What to do = Take the line with "Как зарождалось овощеводство?Овощеводство" and every line after it, through the end of the listing, and give them again exactly, pictures excluded.

Extracted data =

┌────────

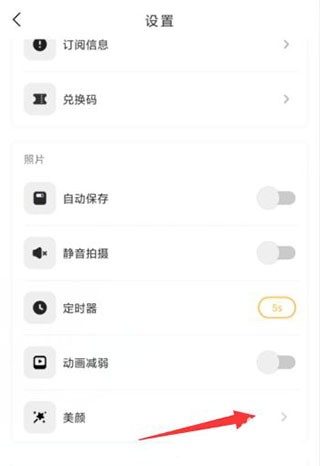 2、在设置页面,照片功能中点击【美颜】。(如图所示)
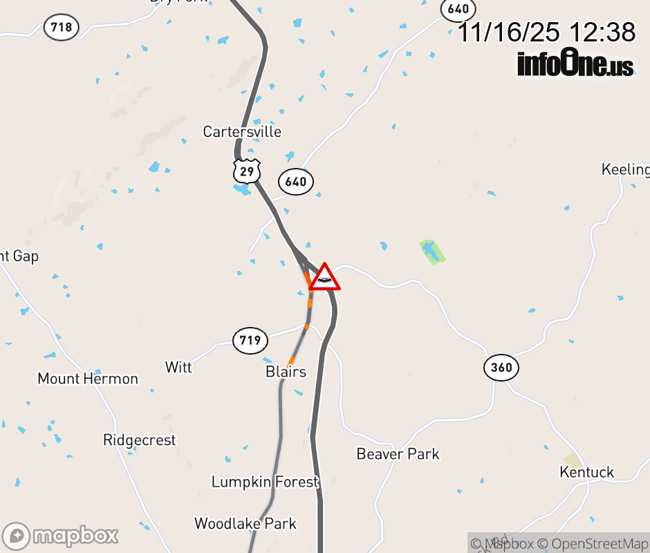 On Rt. 726 North in the County of Pittsylvania, in the vicinity of Danville Expy; Malmaison Rd; U S Highway No 29; Ramp Intersection, motorists can expect delays due to a vehicle crash. Lane closures exist. ![]() |
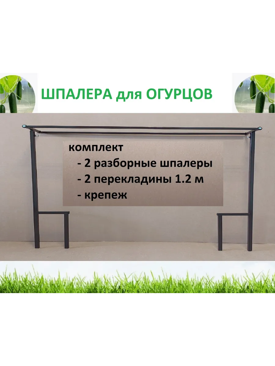 Комплектация: 2 разборные шпалеры выполнены из профильной трубы. Нижняя часть - 20х20 мм, верхняя - 15х15мм, толщиной 1.5 мм. Верхняя часть шпалеры вставляется в нижнюю и фиксируется болтом М8х16. К нижней часть приварена дополнительная ножка. Благодаря этому шпалера устойчиво стоит и не наклоняется. Заглубление в землю 30 см. На верхней части шпалеры из трубы 15х15 мм приварена перекладина 19 см, к которой по бокам крепятся 2 распорные планки по 1.2 м, дополнительно обеспечивающий жесткость конструкции. Крепление болтами М8х16. Для увеличения длины есть дополнительная стойка артикул 339583387. В комплекте 1 разборная шпалера и 2 распорные планки по 1.2 м.
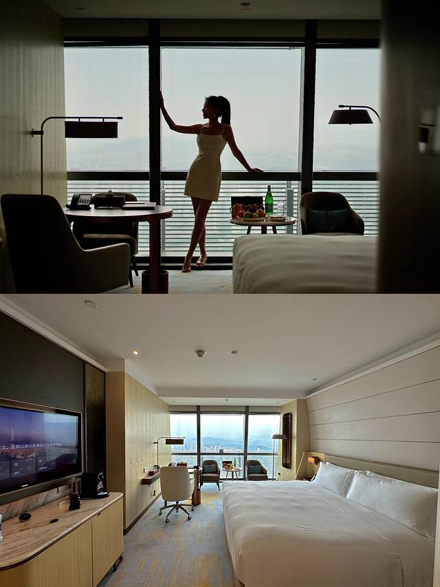 大堂的景观就已经无敌了,而客房则在44-65层,视野更广。内饰融合了豪华游轮客舱的概念,还有景观浴缸、戴森吹风机,所有的小细节都很贴心。
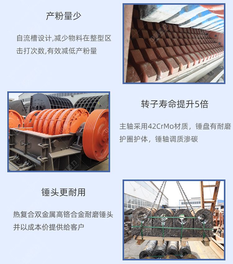 作為內生產大型錘式破碎機生產基地,根據市場需求,中譽鼎力有PCZ重型錘破和XPC整形錘破兩種,型號齊,時產量從100-3000噸不等,其中pcz2125重錘破時加工能力可達3000噸,在河南駐馬店恒強礦業(yè)、衛(wèi)輝市資源有限公司、河北井陘茂鑫礦業(yè)、河南禹州鑫利祥建材等多地已有使用。
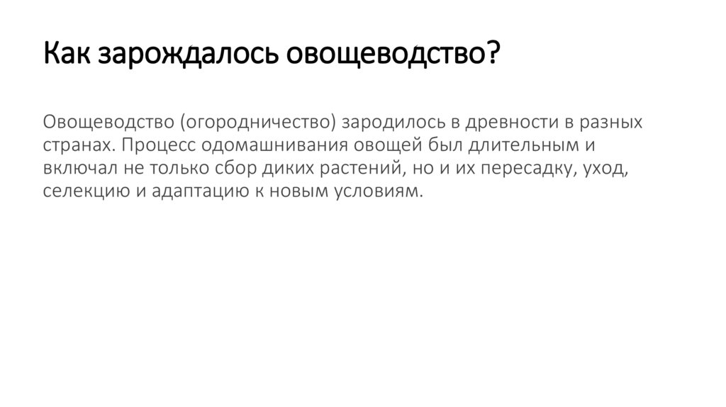 Как зарождалось овощеводство?Овощеводство (огородничество) зародилось в древности в разных
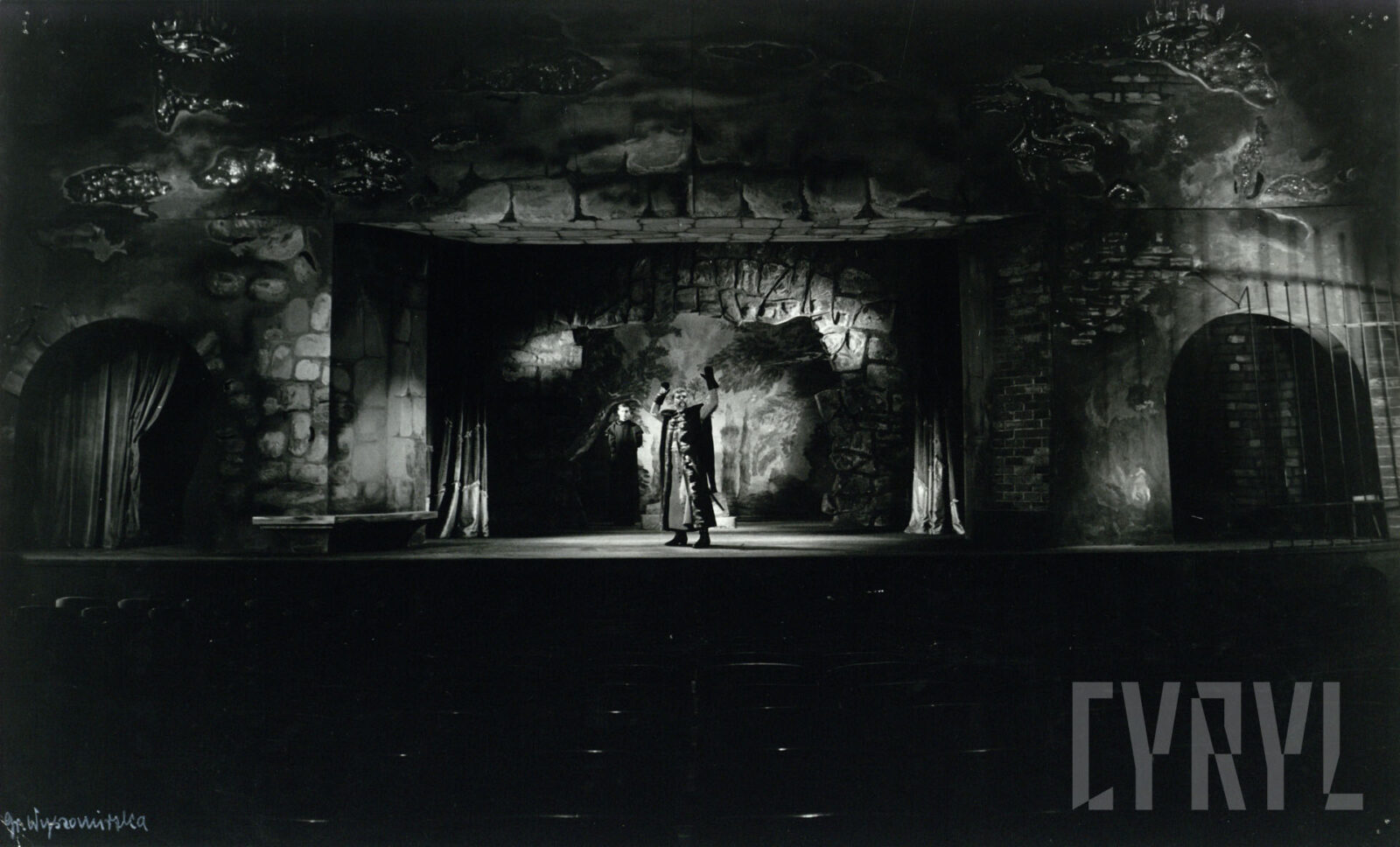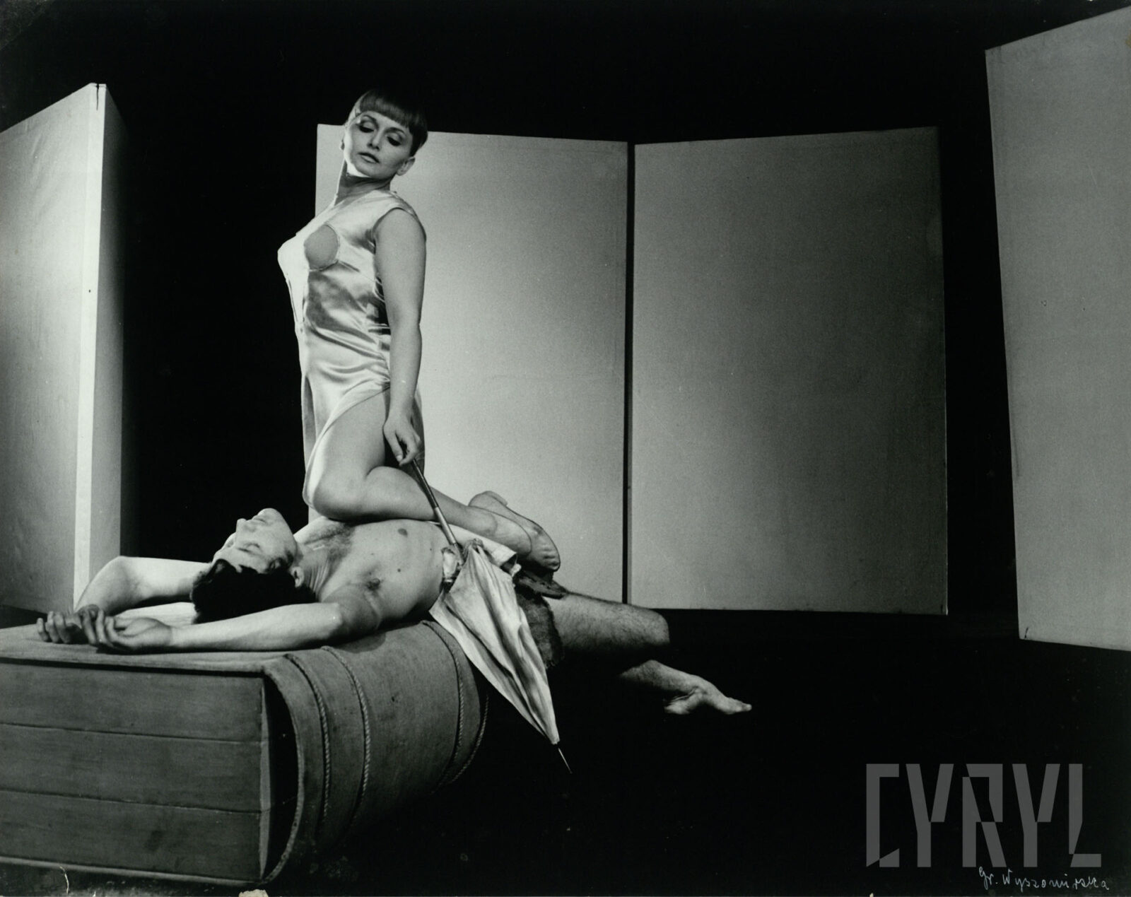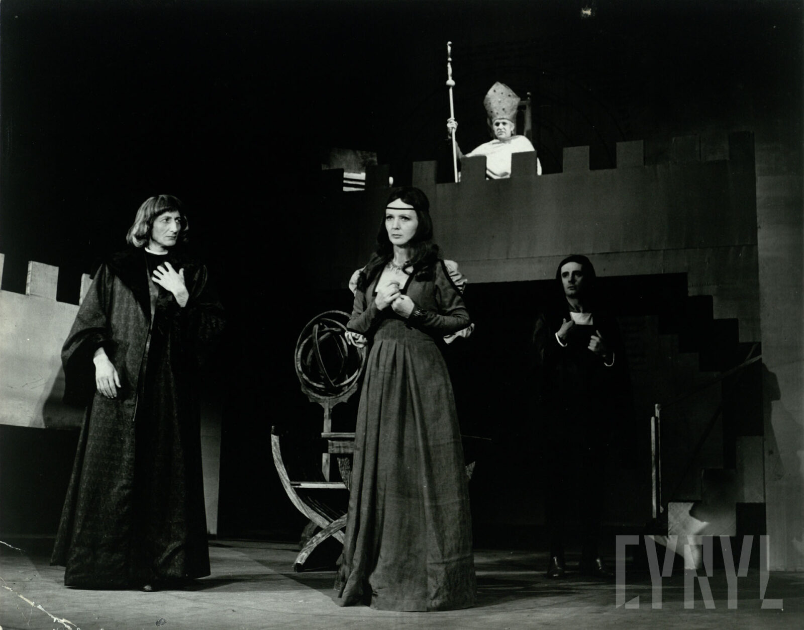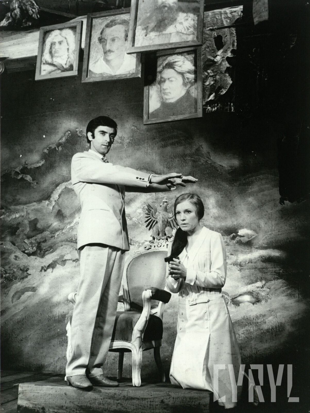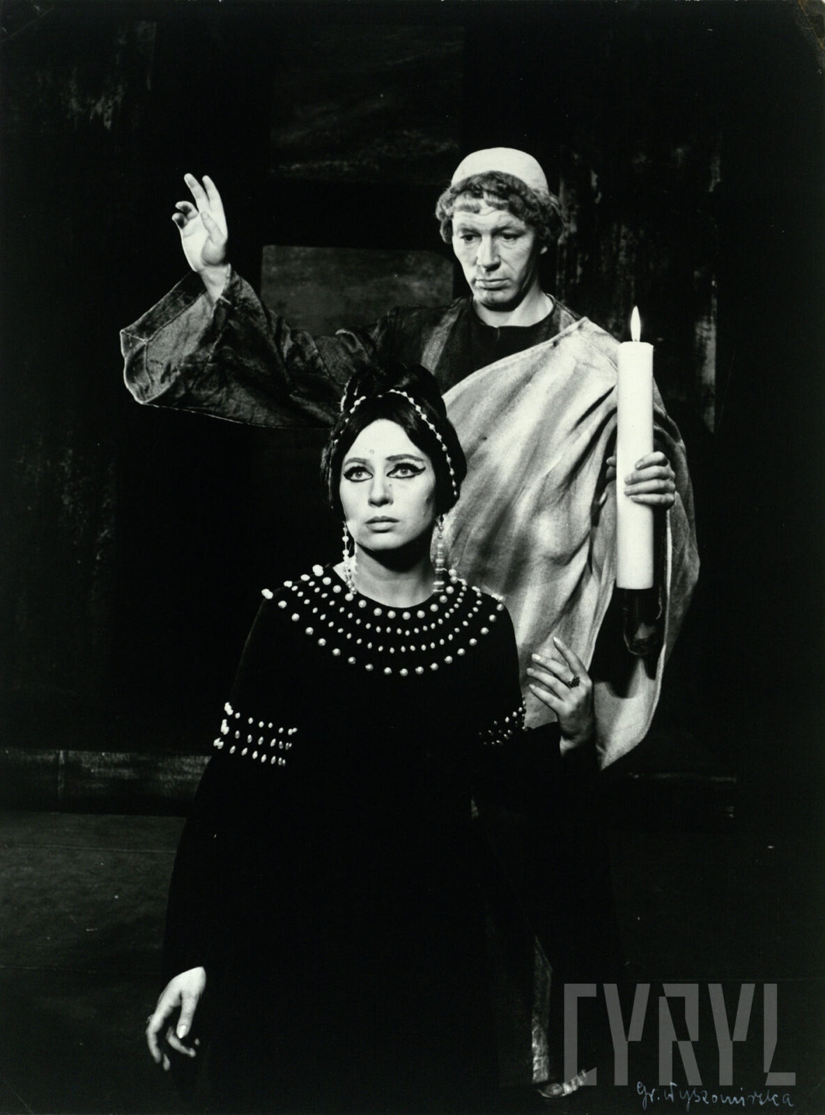 08.09.1967Danuta Balicka (Bazylissa Teofanu) i Rajmund Jakubowicz (Św. Atanazy) w spektaklu W mrokach złotego pałacu, czyli Bazylissa Teofanu Tadeusza Micińskiego wystawionym na deskach Teatru Polskiego w Poznaniu
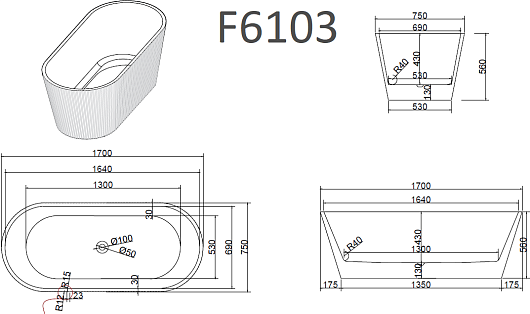Отдельностоящая акриловая ванна Frank F6103 170х75 black - арт. 12314.

└────────

Solved exercise =
 Как зарождалось овощеводство?Овощеводство (огородничество) зародилось в древности в разных
 08.09.1967Danuta Balicka (Bazylissa Teofanu) i Rajmund Jakubowicz (Św. Atanazy) w spektaklu W mrokach złotego pałacu, czyli Bazylissa Teofanu Tadeusza Micińskiego wystawionym na deskach Teatru Polskiego w Poznaniu
Отдельностоящая акриловая ванна Frank F6103 170х75 black - арт. 12314.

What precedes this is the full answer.